After the Revolution, the US departments of State, War and Treasury all worked over a nearby pub that we’ll poke our heads into, a pub that opened in the 1760s, though destroyed by fire and rebuilt back in 1904. From its front door we will see the NASDAQ, the Goldman-Sachs building and Standard & Poors. The remains of an even older pub are across the street: one run by the English governor of colonial New York!

Watch your step as we climb up to Stone Street, the first paved street in old New York. Cars don’t travel Stone Street, which is decked out with long wooden tables belonging to bars and restaurants fronting it. The bars are housed in original 1835 counting-houses and warehouses, built after the Great Fire of that year.

Hanover Square comes next. And with it, the India House, where the tea-importing business was long centered. It was featured in the time-traveling romance film, Kate & Leopold. Venerable old Harry’s Bar, a favorite of stock traders, is in the basement.

We will pass the original office of an institution that made banking safe for regular people: The Federal Deposit Insurance Corporation, or FDIC. Take a peek inside Delmonico’s, the first great American restaurant, where Delmonico steaks are still served; where Charles Dickens, Mark Twain and Abraham Lincoln all dined. In fact, Delmonico’s invented a new dessert for Lincoln’s party: Baked Alaska. Over the lobby fireplace hangs an oil portrait of chef Charles Ranhofer with his signature creation, Lobster Newburgh.

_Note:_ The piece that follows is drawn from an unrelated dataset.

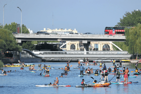 Urbanites are turning to outdoor water-related activities for relief this summer. In Beijing, paddleboarding on Liangma River has quickly emerged as one of the most popular ways to cool off, stay fit and socialize.

Then we head up the hill to Wall Street itself. You’ll turn the corner from William Street, where both stocks and slaves were traded under shade trees in the 18th and early 19th century. See 40 Wall, the tallest building in the world…for a couple of days in 1930. Pass Tiffany’s on the way to the House of Morgan, offices of J.P. Morgan, world’s first billionaire. Across Wall Street from Morgan’s is old Federal Hall, an 1842 US Customs House, the site of an earlier City Hall, where George Washington was inaugurated in 1789, and which housed the US Congress for two years.

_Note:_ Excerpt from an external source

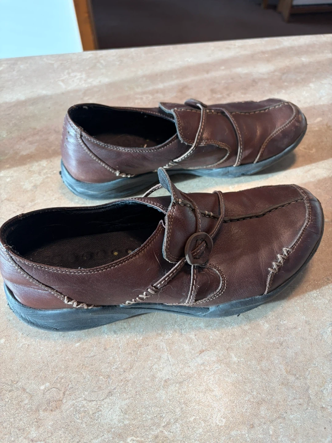 Comfortable brown leather slip-on shoes. Features a secure strap closure and a cushioned footbed. Made with durable leather. Great for walking!

At the top of the hill is Trinity Church, first built in the 1690s and rebuilt after the Great Fires of 1776 and 1835. This large, Gothic brownstone structure was the Episcopal (think Anglican) cathedral of New York until the early 1900s. The climax of the film, National Treasure, was done here.

Gravestones in Trinity’s churchyard include those of Robert Fulton, Alexander Hamilton, Francis Lewis -- a Declaration Of Independence signer -- and an Astor or two. And I’ll take you to another gravestone that is misspelled. Badly. It mentions a parishioner who was born in ‘Oldingland’! A nearby plaque reminds us of the peopling of Canada in the decade following the Revolution.

Just up Broadway -- this is written in late 2011 -- is the encampment that has become world-famous just in the last few weeks. Occupy Wall Street wants to change how the government uses and produces money. For one thing, they want to end the role of the nearby Federal Reserve. We will see The Fed and, if it’s still there, Occupy Wall Street as well.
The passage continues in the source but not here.